At the distal end of
the substantially straight portion 190', the shaft has a curved portion 194',
which curves away
from a longitudinal axis 192' of the substantially straight portion 190'. The
curved portion
194' may comprise a second substantially straight portion. The curved portion
194' has a
distal tip 202'. A straight imaginary line 196' drawn from the curved
portion's distal tip 202'
and the distal end of the substantially straight portion 190' has an angle
between the
imaginary line and the longitudinal axis of about 30 degrees to about 60
degrees, or about 45
degrees. The curved section only curves in a two dimensional plane.
[0079] In another aspect of this embodiment, the shaft has a substantially
straight portion
and a distal tip.
[0080] The tip is the portion of the tool adapted for receiving the base or
proximal ends of
anchors, or for receiving a blunt tip dissector.
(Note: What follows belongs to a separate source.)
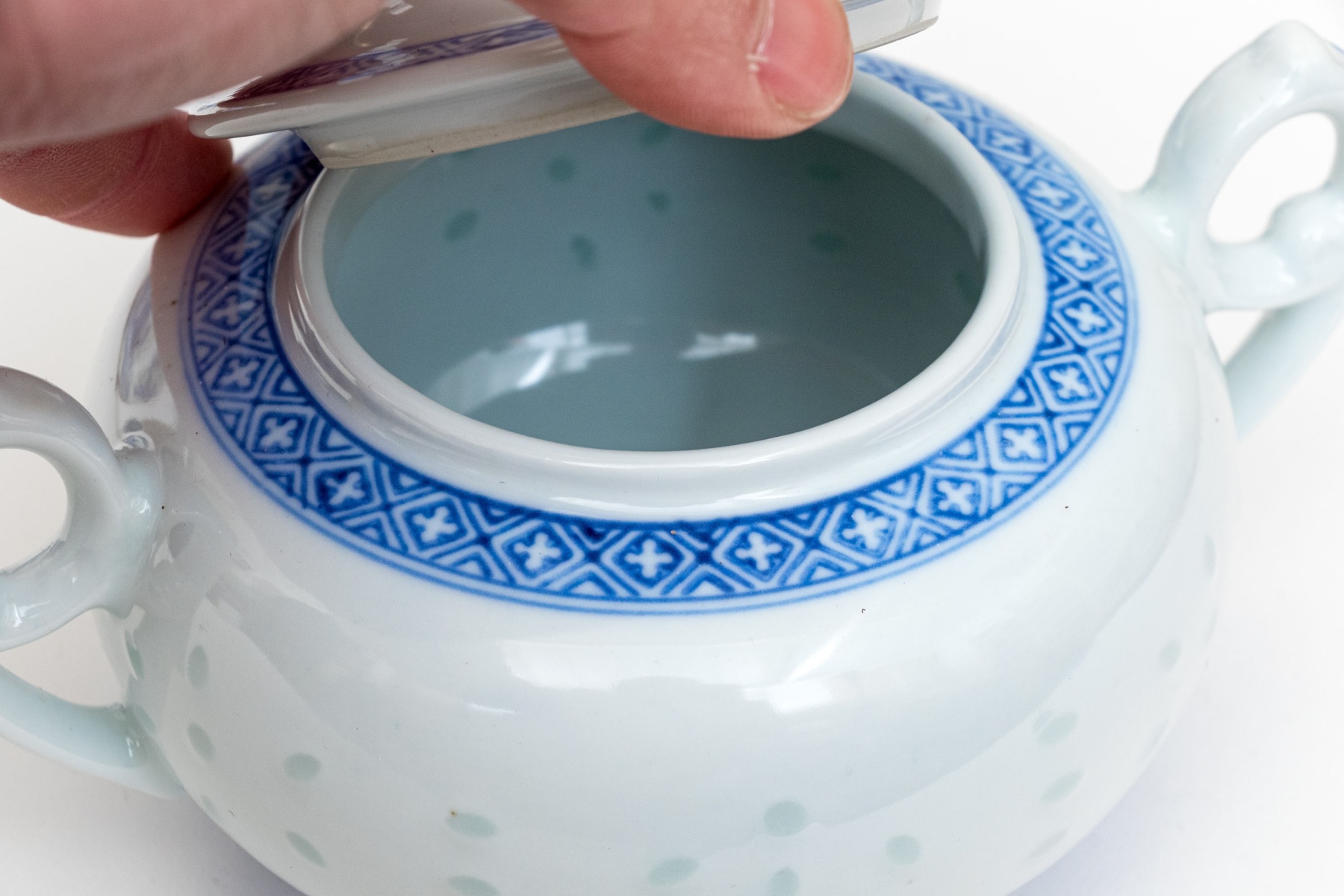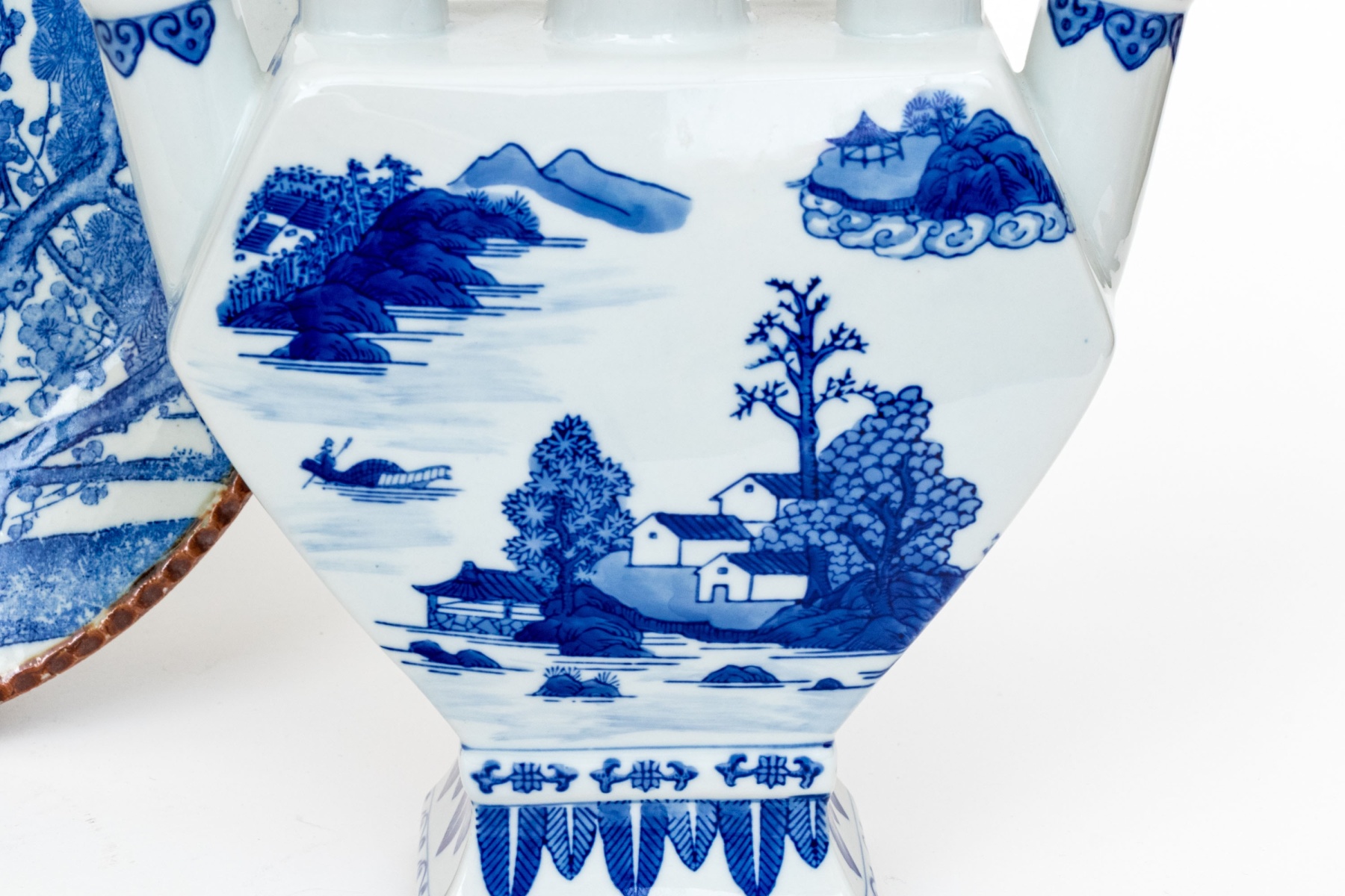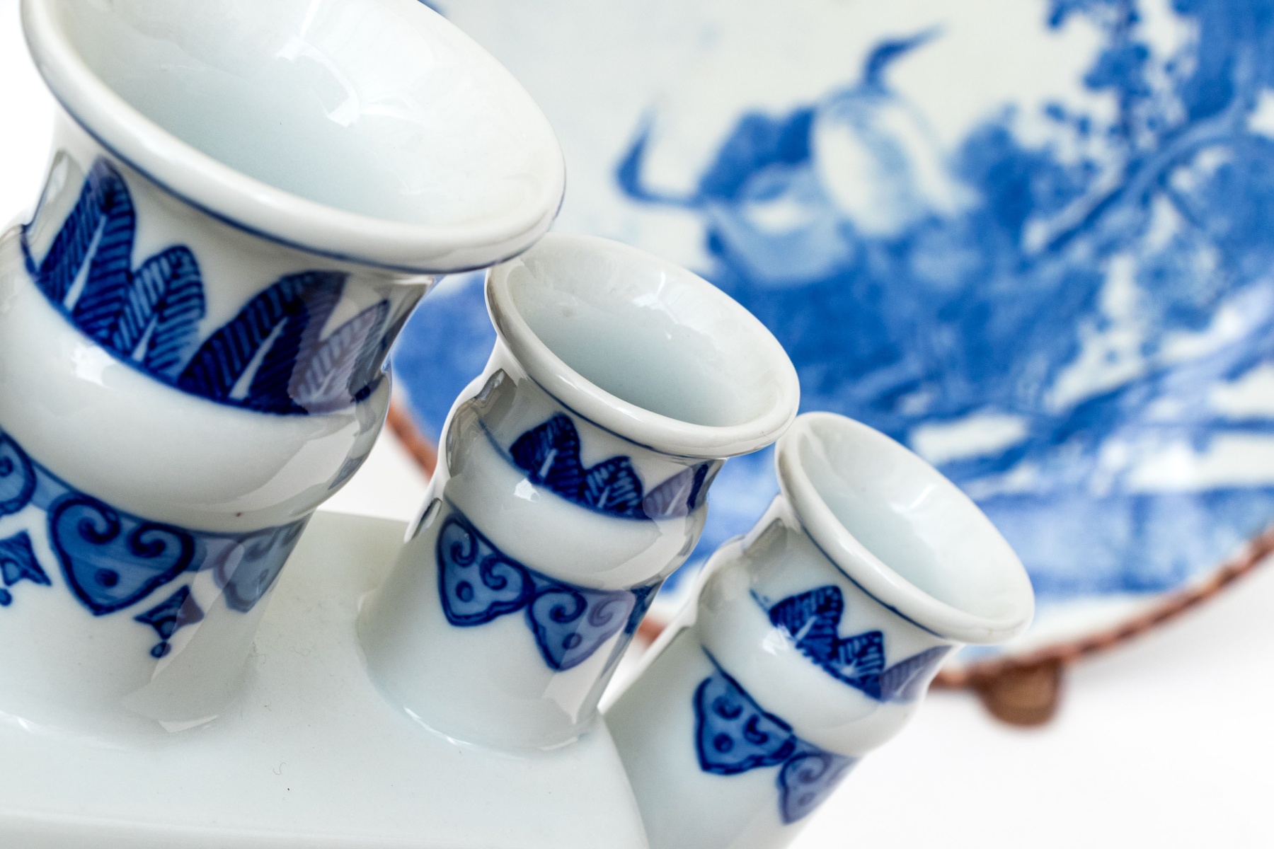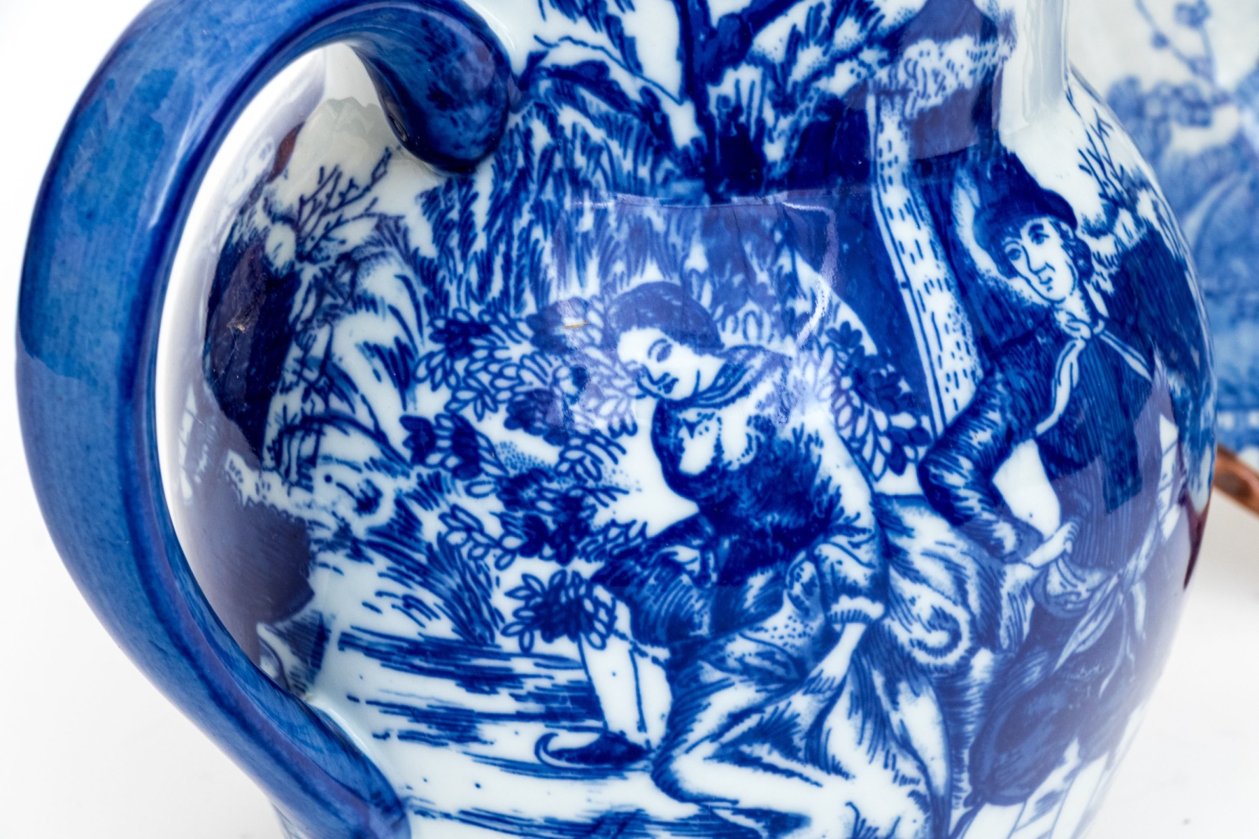A wonderful collection of blue and white English and Asian ceramics comprised of a five nozzle tulipiere, a Victoria Ware transferware water pitcher, a charger with brown finished textural trim, and a twin-handled and lidded rice pattern sugar bowl.

In one embodiment, a blunt
tip dissector is
connected to the tip. The blunt tip dissector is configured for attachment to
the bottom of an
anchor.
[0081] In certain embodiments, the tool comprises a release. The release
comprises a
trigger 204 that is operatively connected to the tip 202. Upon operation of
the trigger 204,
the tip 202 releases a component. The component is configured for removable
attachment to
the tip 202. The component may be a blunt tip dissector, an anchor, or an
anchor comprising
a blunt tip dissector. In another embodiment, the release is operatively
connected to a blunt
tip dissector. Upon operation of the trigger 204, the component is released
from the blunt tip
dissector. In this embodiment, the component may be an anchor.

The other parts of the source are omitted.